This week's Torah portion, Parashat Bo, tells us of Israel's final preparations for the Exodus from Egypt, and also discusses outlines in some detail the laws of Pesach and chametz. Rav Kook, in his commentary on the Haggadah for Passover, highlights the fact that the topic of freedom takes up a very central place in both the principles and laws of the holiday.

It is important to note the historical background of Rav Kook's writings. During his period, the idea of "freedom" was fairly controversial. On the one hand, there were the national and individual freedoms to which the Zionist, socialist and democratic movements aspired.
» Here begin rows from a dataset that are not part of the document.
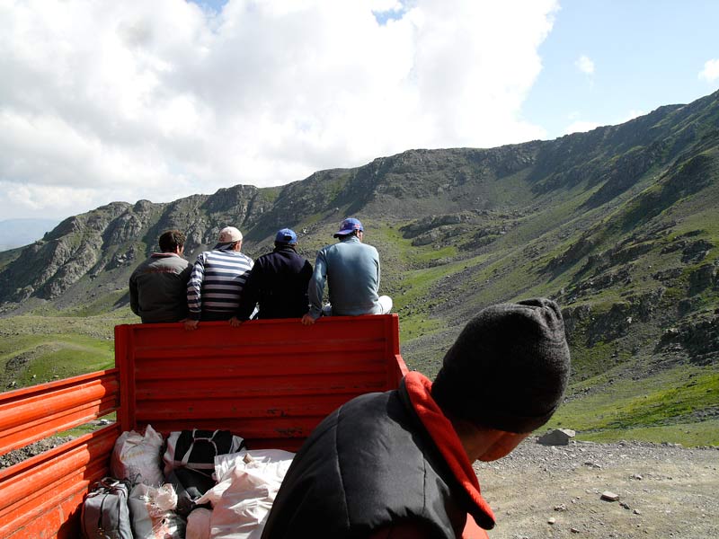 bizim kaymakam yedigöllere 1 km kala durdu. Muhtarla beraber pınarın başında piknik yapacaklar. Ben ceketi aldığım gibi yedigöllere. Az bir terledikten sonra tam yedigöllerin başında isuzu kamyonet, minibus ve arazi aracı yanlarında da biri selamlaştık. Yedigöllerden sırtlarında piknik tüpleriyle tenis torbalarıyla gürültülü çıkanlar. Neyse ben fotoğraflar çektim. Yedigölleri izledim. Sol tarafta gözüme kestirdiğim tepeye çıktım. Fotğraf çektim çektim çektim…sağ tarafta saat 2 yönünde verçenik dağı bulutların arasında bir baktım kamyoncular toplandı hemen hızlanarak ve hatta koşarak kamyonculara ulaştım attım kendimi kasaya haydi moryaylaya…
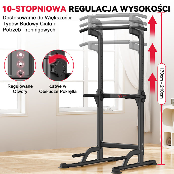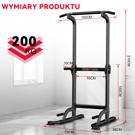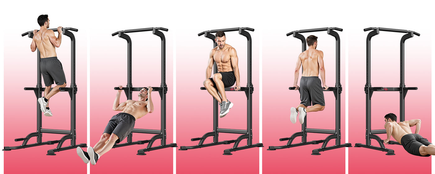 Możesz wykonywać podciągania, pompki, dipy, ćwiczyć ramiona, plecy, brzuch lub nogi – wszystko na tej wieży do dipów.
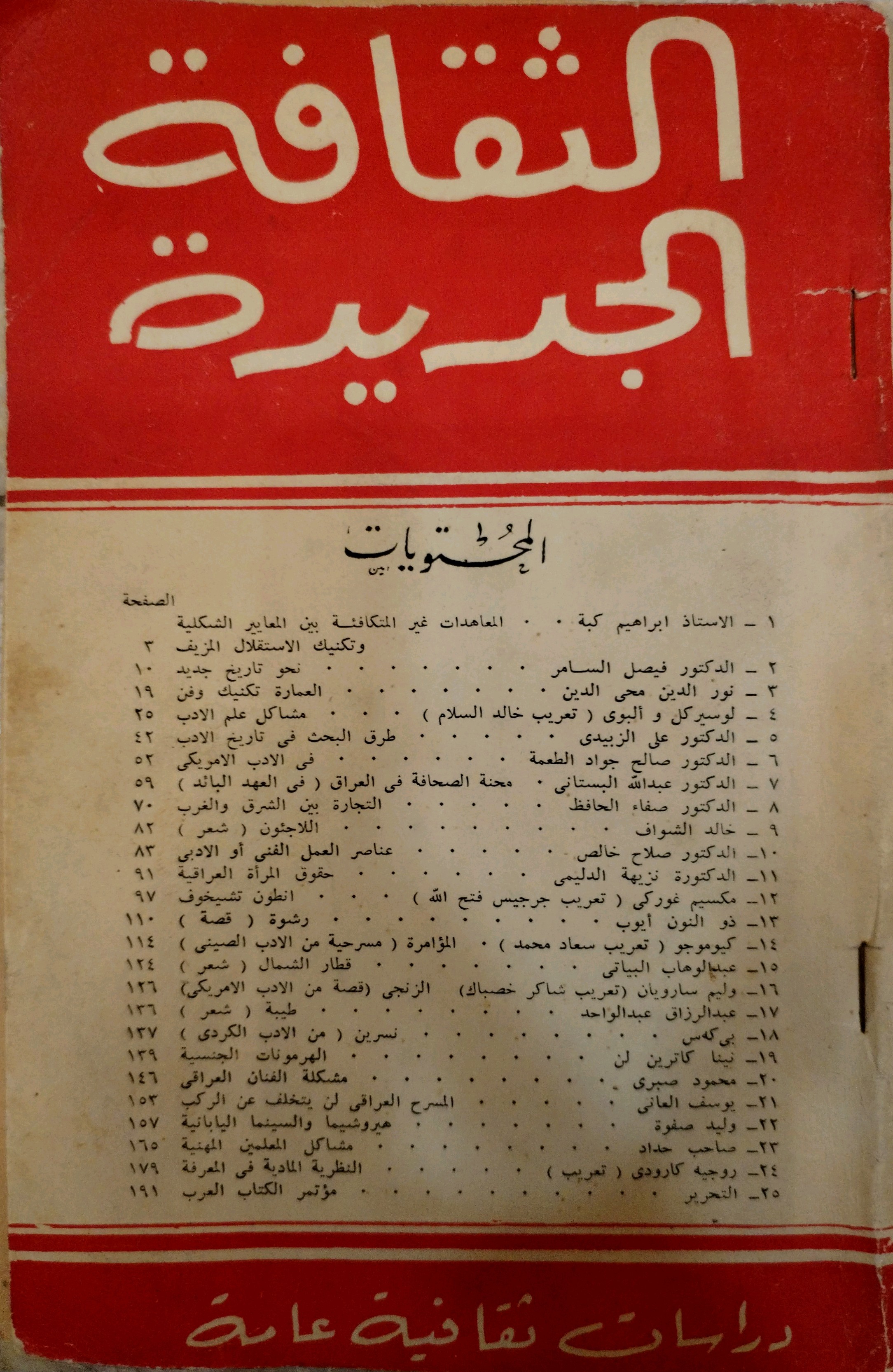 * نشرت هذه المادة في العدد رقم 4 من مجلة (الثقافة الجديدة)، والذي صدر في تموز 1958، بعد أيام قليلة من انبثاق ثورة 14 تموز 1958. مع ملاحظة ان العدد ذاته جاء دون ترقيم (هيئة التحرير)
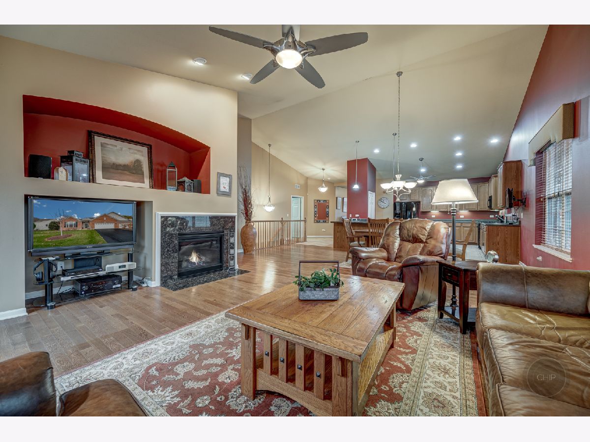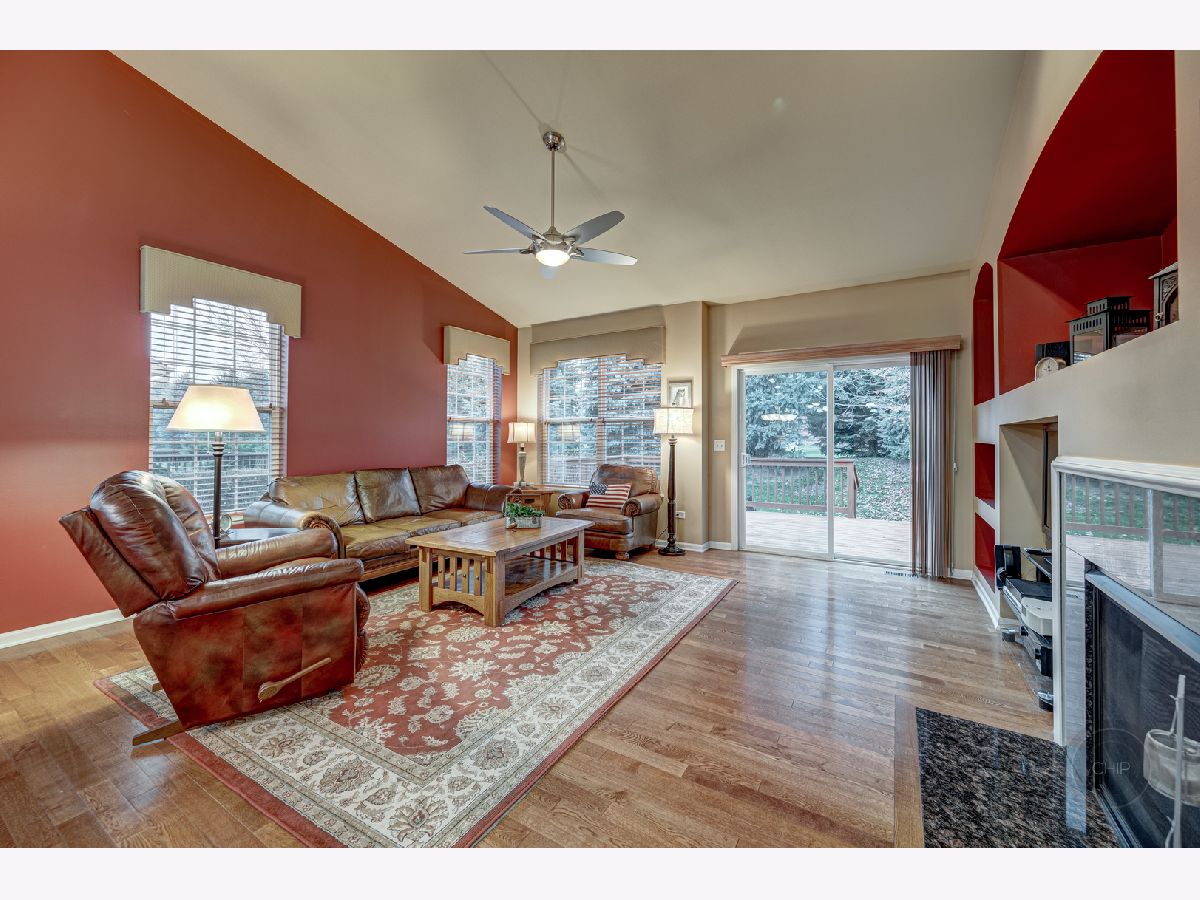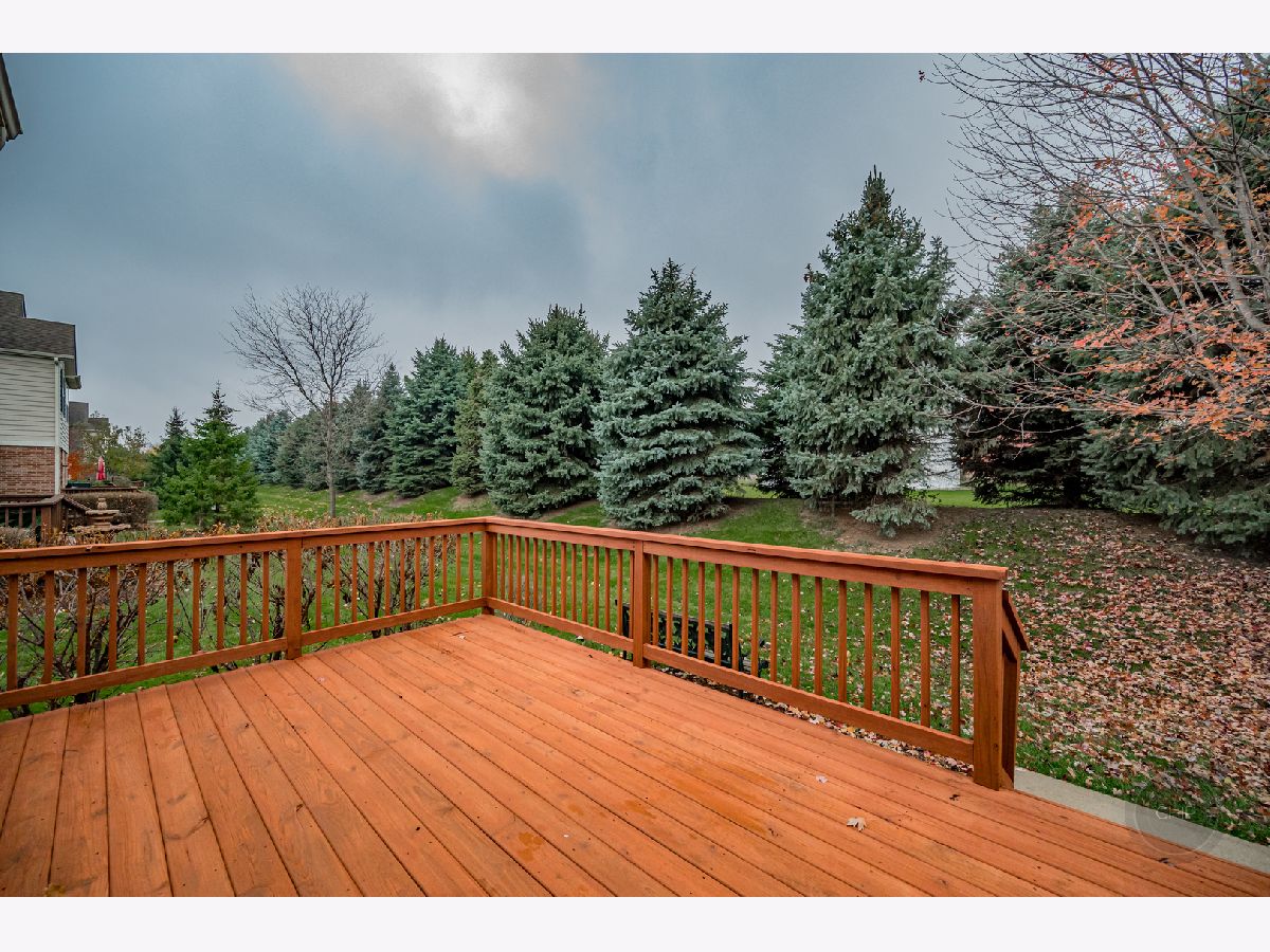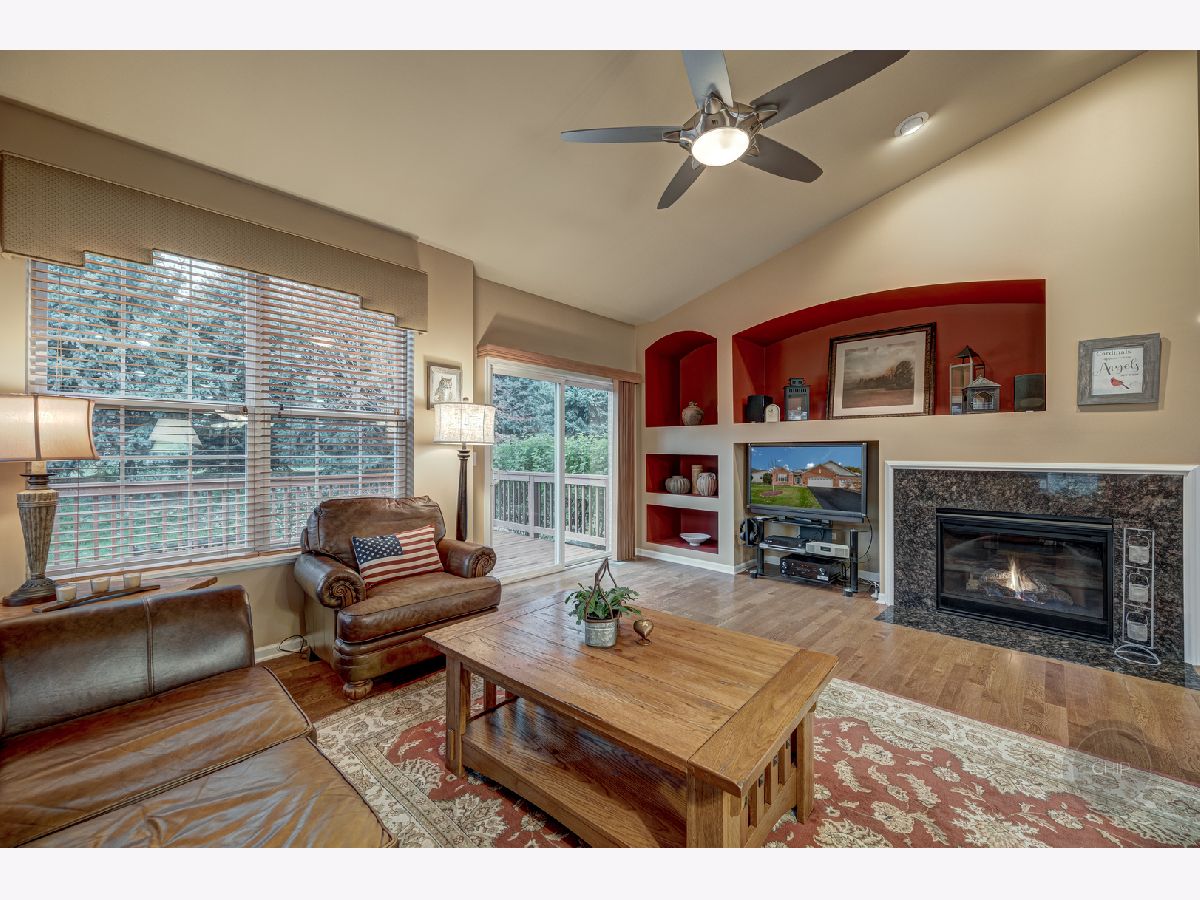 RANCH END UNIT IN HIGHLY DESIRED PATRIOT PLACE. Denali model backing to tree line of pine trees offering amazing privacy. Amenities galore in your new home from hardwood floors, window treatments, vaulted ceilings, full finished basement and more. Spacious open floor plan is great for entertaining or everyday life. Gourmet Kitchen features upgraded cabinets with crown molding, black appliances, pantry, island with breakfast bar and oversized peninsula area with second breakfast bar. Vaulted ceiling from the Kitchen through the Dining and into the Living Room. Built-in gas log fireplace with decorative niche in Living Room. Freshly stained deck off Living area. Master suite with luxury bath includes double sinks, soaker tub, separate shower, and walk-in closet. Two additional spacious bedrooms (one being used as an office) and hall bath on the main floor. Laundry room is located on the main floor with large coat closet, bonus upper cabinetry, deep sink and washer/dryer. FULL finished deep pour basement with additional 4th bedroom and third full bath. Two large storage rooms. Attached two car garage. Maintenance free living including Louisiana Pacific Smart Board Siding. Schools are located across the street from the neighborhood. Neighborhood is adjacent to the Bolingbrook Golf Club. Easy access to expressway, convenient shopping, restaurants and more. Highly desired model in Patriot Place. Instant equity. Call today for a showing.

But also very prevalent were, unfortunately, those Jews who called themselves "free thinkers" – the forerunners of today's secular Jews, but even more proactive in throwing off the yoke of the Torah and its commandments.

As opposed to many hareidi Jews at the time who instinctively opposed these ideas of freedom, Rav Kook wrote that the Torah very much identifies with the aspirations for independence and for national and individual freedom. Freedom is even a Divine characteristic, for G-d is totally free, and we strive to imitate Him. The Torah releases and frees us mortals from our debased instincts, and from our ego, laziness, and negative social pressure, and actually grants us our longed-for freedom to rise up and activate our Divinely-granted truly free will.

As we learn in Pirkei Avot (6,2): "There is no truly free person other than one who engages in Torah."

Many people today are looking for their true selves, their true "I," but they get confused by its dual nature. Sometimes their "I" is idealistic and values-based, while sometimes it is egotistical and lazy. But if we identify ourselves not with our transient, heavy, and selfish bodies, which change and erode with time, but rather with our idealistic and eternal souls – our "Divine portion" – we will easily identify within us that which Rav Kook calls our "inner desire," that which we truly want, as opposed to sufficing with what we simply feel like doing, our "external desire." (See Orot HaKodesh 3, p. 140)

Rav Kook mentions in this connection the following prayer, based on the Talmud (B'rachot 17a): "Master of the worlds! It is clear to You that we wish to do Your will, but what is impeding us? It is the se'or ba'isah, the 'yeast in the dough,' the evil inclination that is within every person – as well as the Subjugation of the Kingdoms that we face."

Rav Kook explains that yeast in the dough causes a flour-and-water mixture to ferment and rise, transforming it from its basic natural state to something more complex (see Maharal's commentary to the Haggadah, and Sefer HaChinukh, mitzvah 117). The yeast leaven (chametz) is parallel to our Evil Inclination, which causes "fermentation" in our soul; it takes us far from our natural, positive "I," and tricks us based on what we "feel like" rather than what we "truly want."

Aiding the chametz in causing us to sin is the Jewish People's subjugation to the gentiles [which continues today to some extent]. It makes it very hard for Am Yisrael to live in accordance with our traditional natural freedom, via the Torah and its mitzvot, which is how we lived for generations in the Land of Israel. The goyim influenced us, either by force or via assimilation, to live like them.

In short, our physical urges and our lack of freedom prevent our true "I" from actualizing its true potential in terms of behavior and values.

On Passover, the time of our freedom and our national birthday, we commemorate and celebrate our true freedom: the Israelite "I", the freedom to be our ideal selves.